In [None]:
import pandas as pd

import torch
import torch.nn as nn
from torch.utils.data import DataLoader
from transformers import AutoModel, AdamW, AutoTokenizer
from tqdm import tqdm

In [2]:
device = torch.device("cuda:0" if torch.cuda.is_available() else "cpu")
device

device(type='cuda', index=0)

In [3]:
df = pd.read_csv("task1.csv")
df.head()

Unnamed: 0,text,label
0,"hai, aduku woru seagret irukkintu.",3
1,amar naam hal anant. kono parichampatra prayoj...,0
2,"anjuki, tripul jumplo maji jaatiya champian ma...",4
3,"pildu hackey enpatu oruvit ani vilyaddu, atil ...",3
4,"mam, shunesi ye nirdisht kono jayga naam nathi...",0


In [4]:
tokenizer = AutoTokenizer.from_pretrained("google/muril-base-cased")

In [5]:
class CustomDataset(torch.utils.data.Dataset):
    def __init__(self, data, tokenizer, max_len):
        super(CustomDataset, self).__init__()
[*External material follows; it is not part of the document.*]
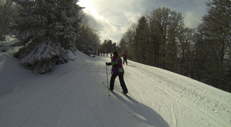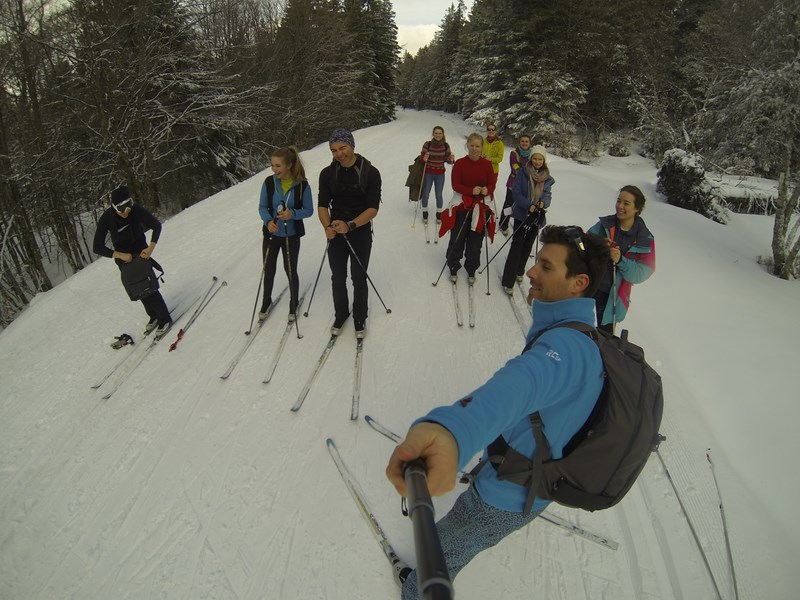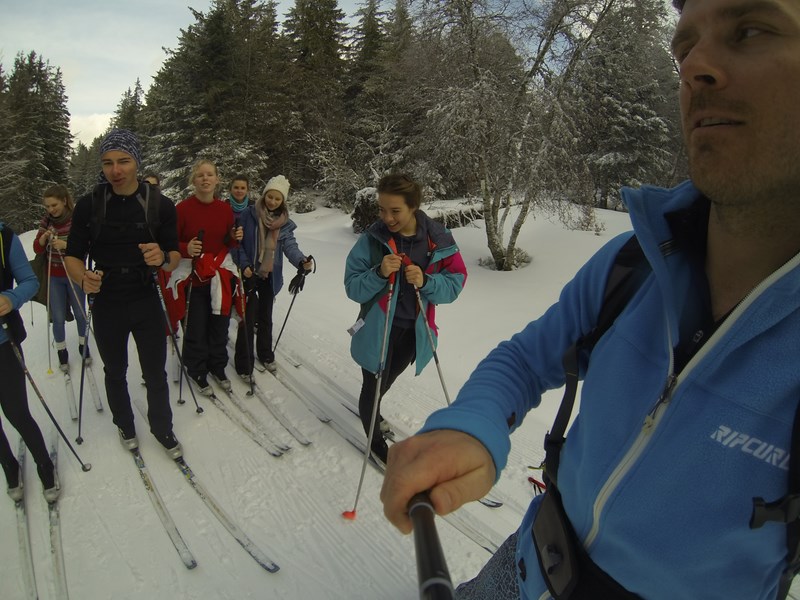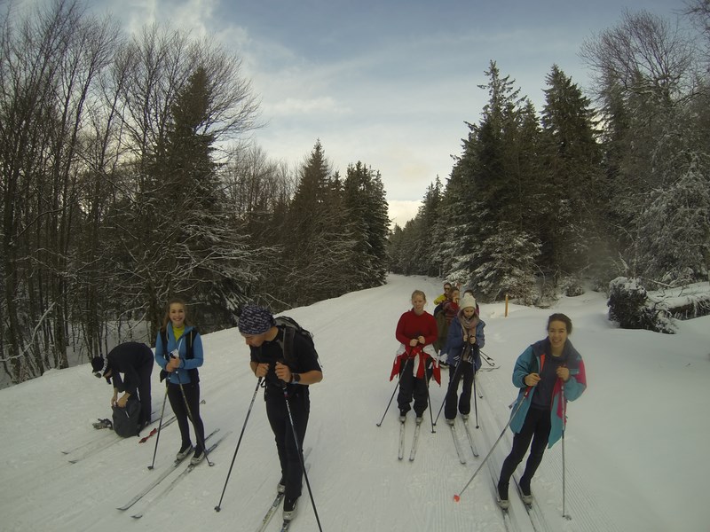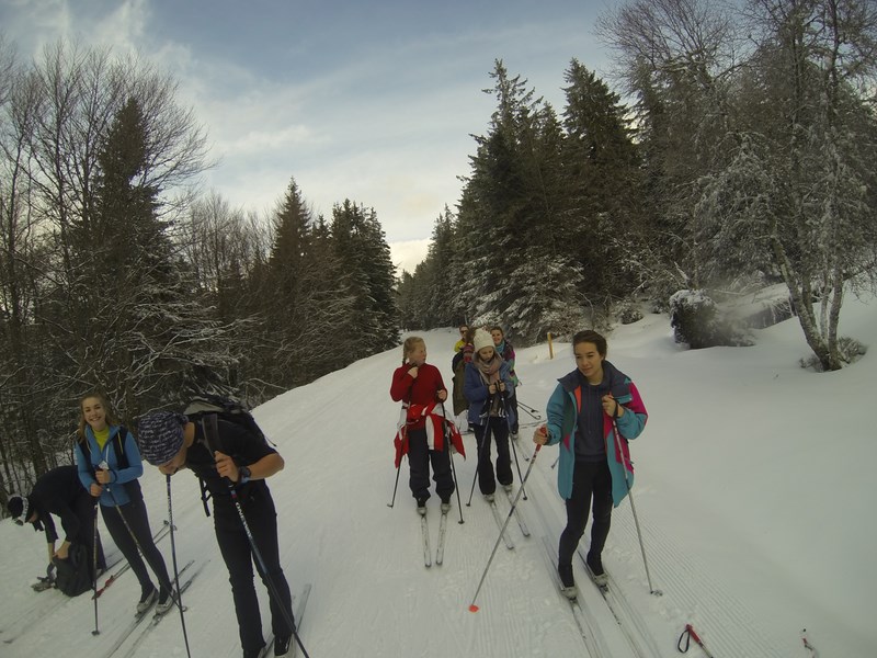 Les conditions météorologiques étaient correctes : un peu nuageux et humide avec des rafales de vents, mais également quelques trouées de soleil ont permis aux élèves de découvrir les plaisirs de la glisse ! Pas mal de chutes en sortant un peu des traces, mais l’ambiance était excellente.

        self.data=data['text']
        self.target = data['label']
        self.tokenizer = tokenizer
        self.max_len = max_len

    def __len__(self):
        return len(self.data)

    def __getitem__(self, idx):
        text = self.data[idx]
        target = self.target[idx]

        encoding = self.tokenizer.encode_plus(
            text,
            truncation=True,
            max_length=self.max_len,
            padding='max_length'
        )

        return {
            "ids": torch.tensor(encoding["input_ids"], dtype=torch.long),
            "mask": torch.tensor(encoding["attention_mask"], dtype=torch.long),
            "target": torch.tensor(target, dtype=torch.long)
        }

train_ds = CustomDataset(df, tokenizer, 512)

In [6]:
train_dl = DataLoader(train_ds, batch_size=32, shuffle=True)

In [7]:
class Model(torch.nn.Module):
    def __init__(self, out_dim):
        super(Model, self).__init__()

        self.bert = AutoModel.from_pretrained("google/muril-base-cased")
        self.bert.requires_grad=False
        self.fc = torch.nn.Linear(768, out_dim)

    def forward(self, ids, mask):
        _, out = self.bert(ids, attention_mask=mask, return_dict=False)
        out = self.fc(out)
        return out

model = Model(5)
model = model.to(device)

In [8]:
total_params = sum(p.numel() for p in model.parameters())
print(f"{total_params:,} total parameters.")

237,560,069 total parameters.


In [None]:
optimizer = AdamW(model.parameters(),lr = 2e-5)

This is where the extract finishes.